▶ **WORK REQUIRED**:
Using the data below, restate exactly every line from the one with "Robustna pri uporabi" up to and including the one with "チェリーの重量の30%のグラニュー糖も入れました。". No picture belongs in it.

▶ **THE DATA**:
****

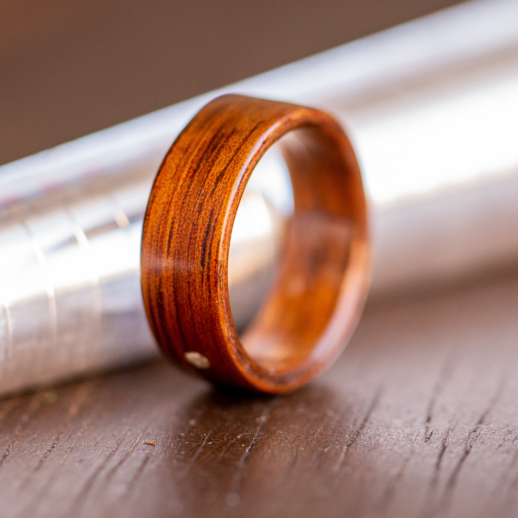 The ideal ring with a masculine edge, we’ve used Hawaii’s native Koa wood to create a durable, rich gained piece of jewelry, perfect for him. Koa, meaning ‘warrior’ in Hawaiian, has been used for generations to craft canoes and weapons. This wood has been essential to the people of Hawaii for centuries.
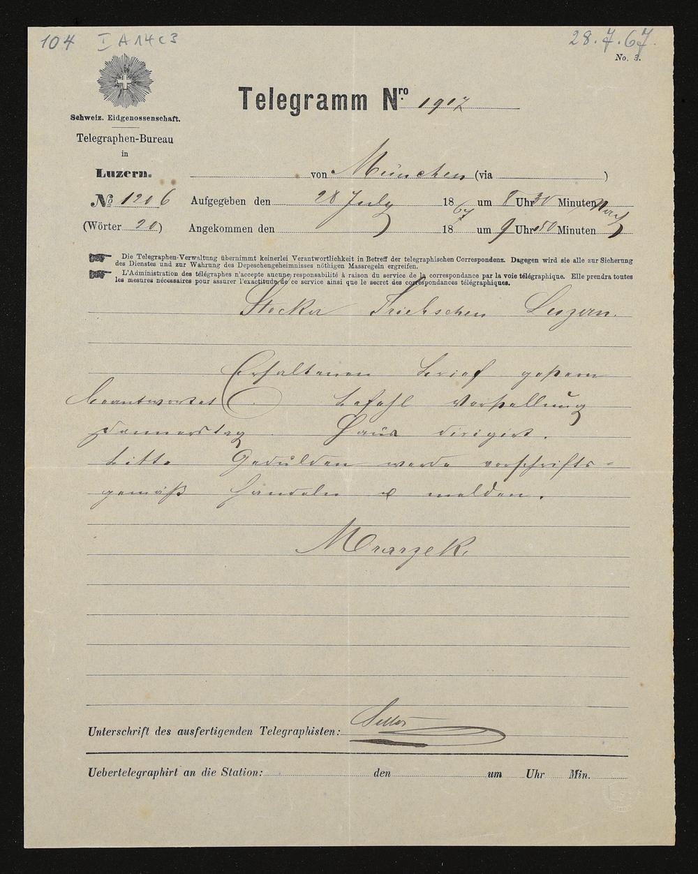 Telegramm von Franz Mrazek an Jacob Stocker
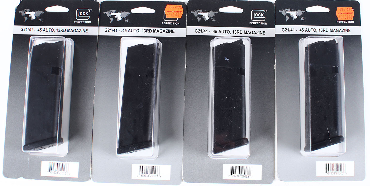 Lot of 4 Glock pistol mags, .45 auto 13 rd mag. Grade: Excellent - Value: 30 to 90
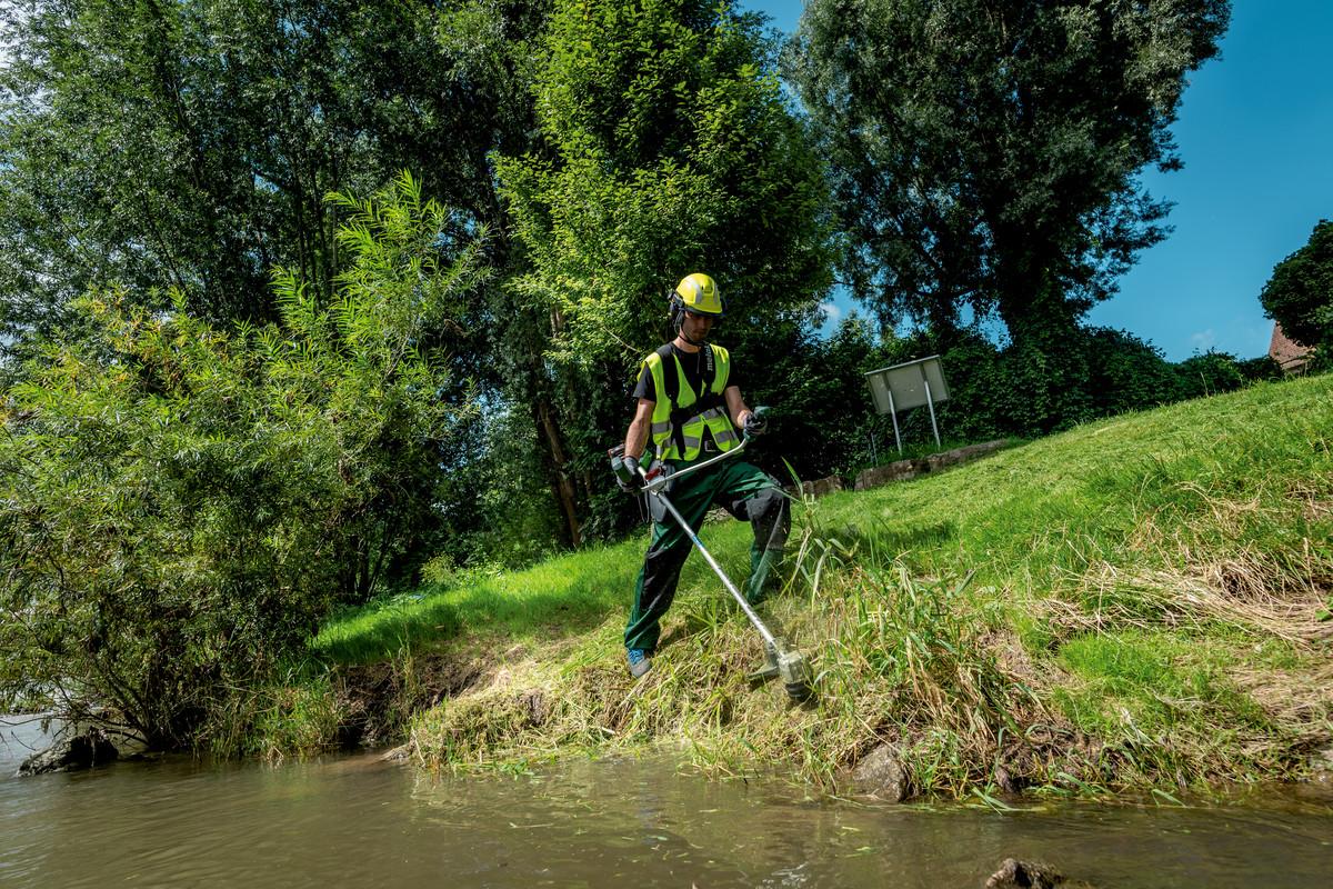 Robustna pri uporabi zahvaljujoč kovinskemu ohišju motorja in dodatnemu zaščitnemu pasu na baterijskih paketih
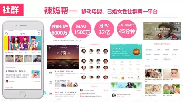辣媽幫創(chuàng)立于2012年5月,僅用了4年時間,便擁有了6000萬的用戶。辣媽幫致力于打造全新母嬰生態(tài)鏈,旗下四大應用“孕期伴侶-辣媽幫-荷花親子-辣媽商城”涵蓋了女性“育兒-生活-情感-消費”四大領域。
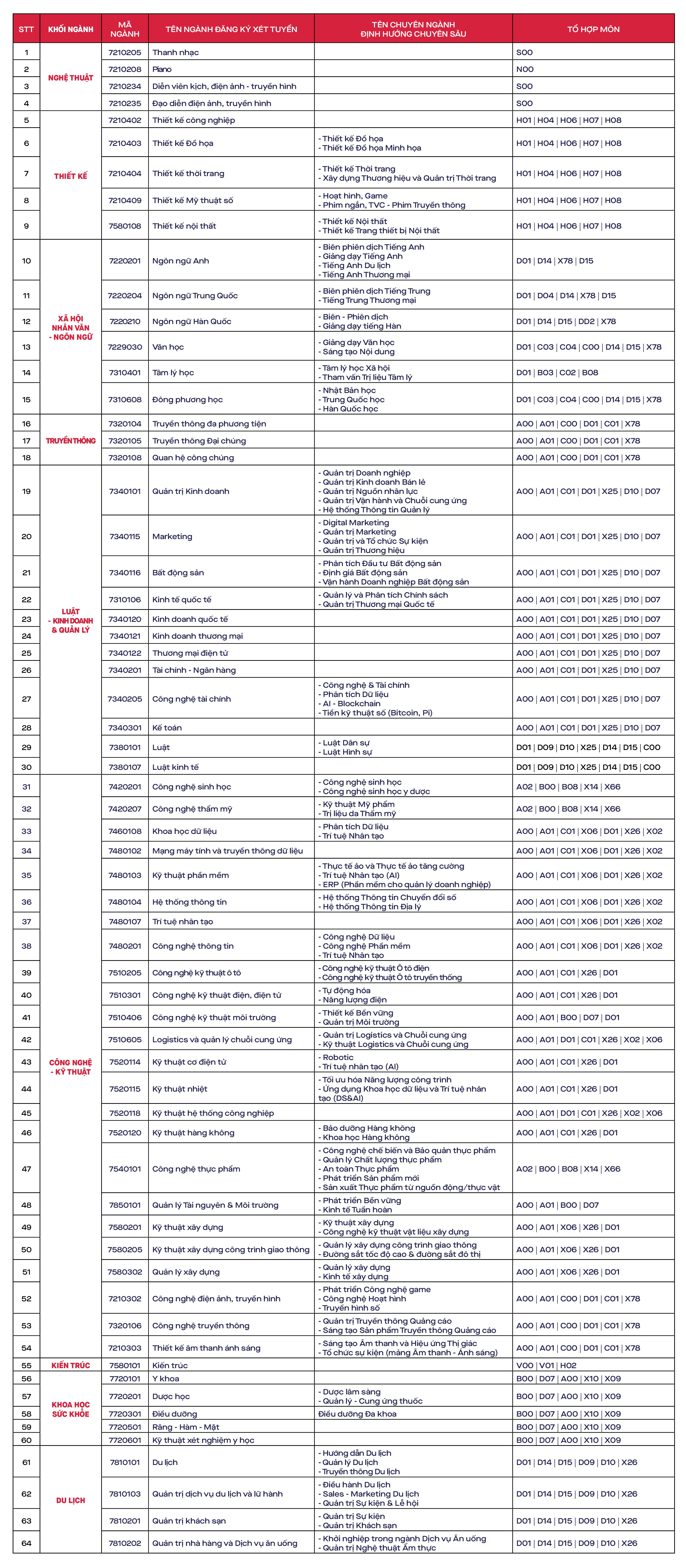 DANH MỤC NGÀNH VÀ TỔ HỢP MÔN XÉT TUYỂN
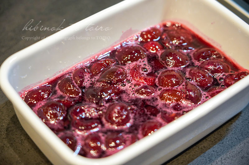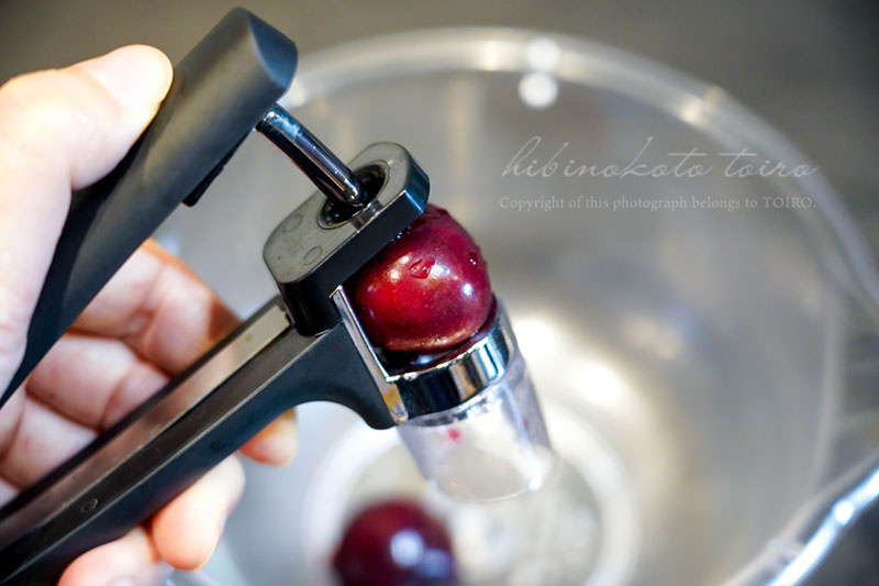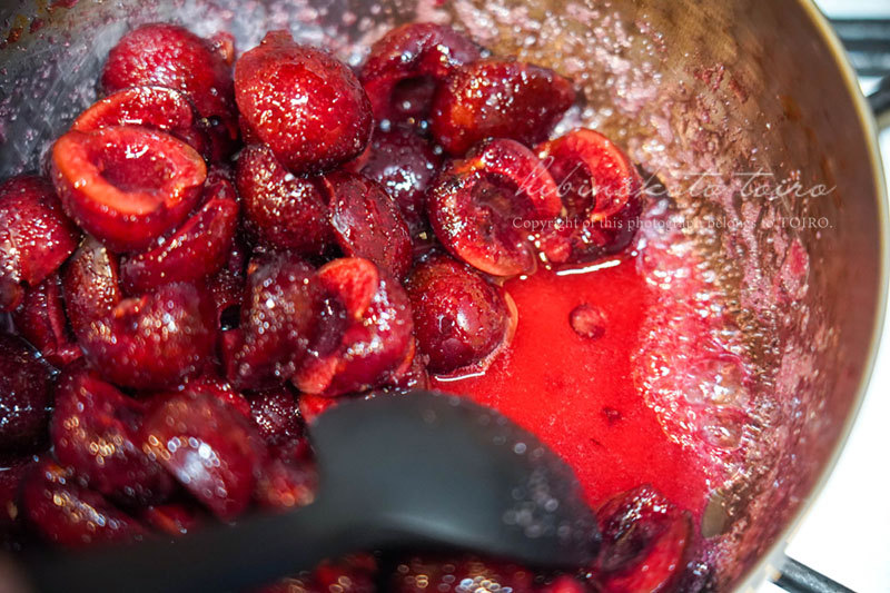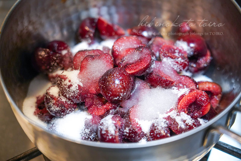 チェリーの重量の30%のグラニュー糖も入れました。
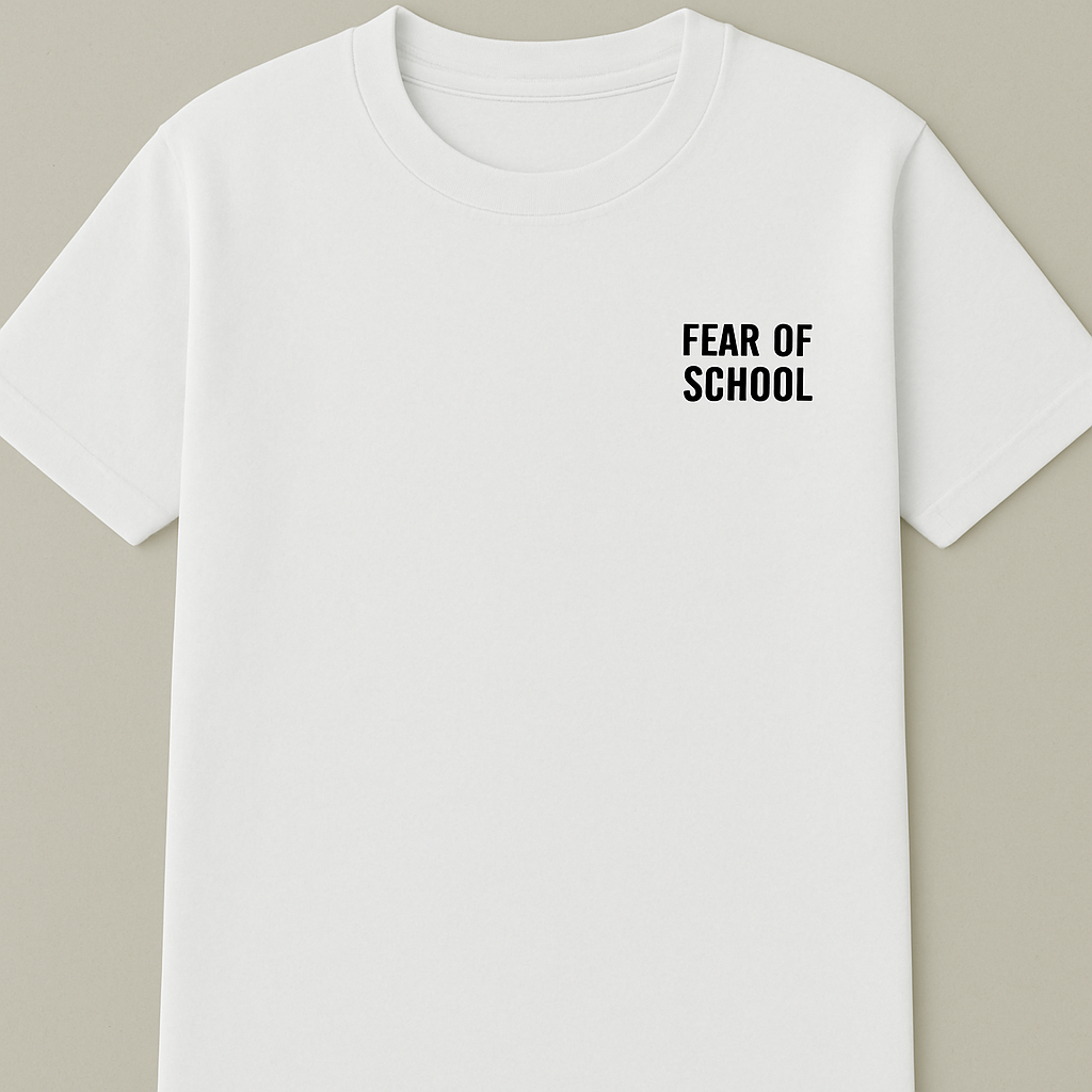 This white cotton t-shirt features a minimalist design with the phrase "FEAR OF SCHOOL" printed in crisp black lettering over the left chest. The sleek font and precise placement offer a subtle but powerful expression of rebellion, irony, or nostalgia—perfect for those who like to speak volumes without saying much.
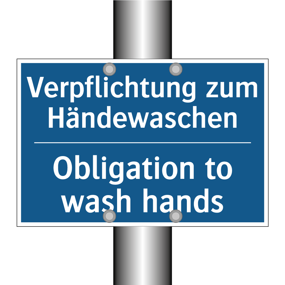 Zweisprachiges Verbotsschild mit deutschem Text Verpflichtung zum Händewaschen und englischem Text Obligation to wash hands
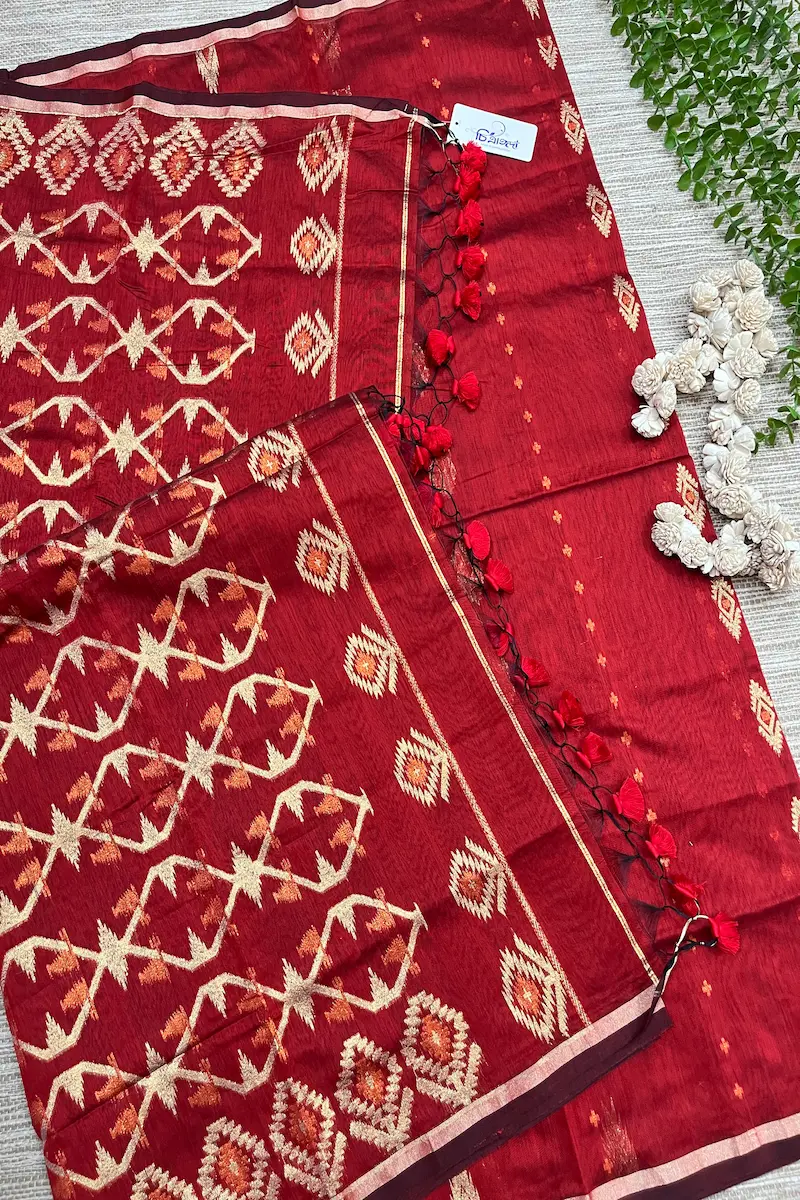Bold, festive, and radiant — New Ice cream is crafted in lightweight Tangail Soft Silk, featuring whole body jori thread work that glows beautifully in wedding and formal lights.

****

▶ **THE COMPLETED TASK**:
 Robustna pri uporabi zahvaljujoč kovinskemu ohišju motorja in dodatnemu zaščitnemu pasu na baterijskih paketih
辣媽幫創(chuàng)立于2012年5月,僅用了4年時間,便擁有了6000萬的用戶。辣媽幫致力于打造全新母嬰生態(tài)鏈,旗下四大應用“孕期伴侶-辣媽幫-荷花親子-辣媽商城”涵蓋了女性“育兒-生活-情感-消費”四大領域。
 DANH MỤC NGÀNH VÀ TỔ HỢP MÔN XÉT TUYỂN
 チェリーの重量の30%のグラニュー糖も入れました。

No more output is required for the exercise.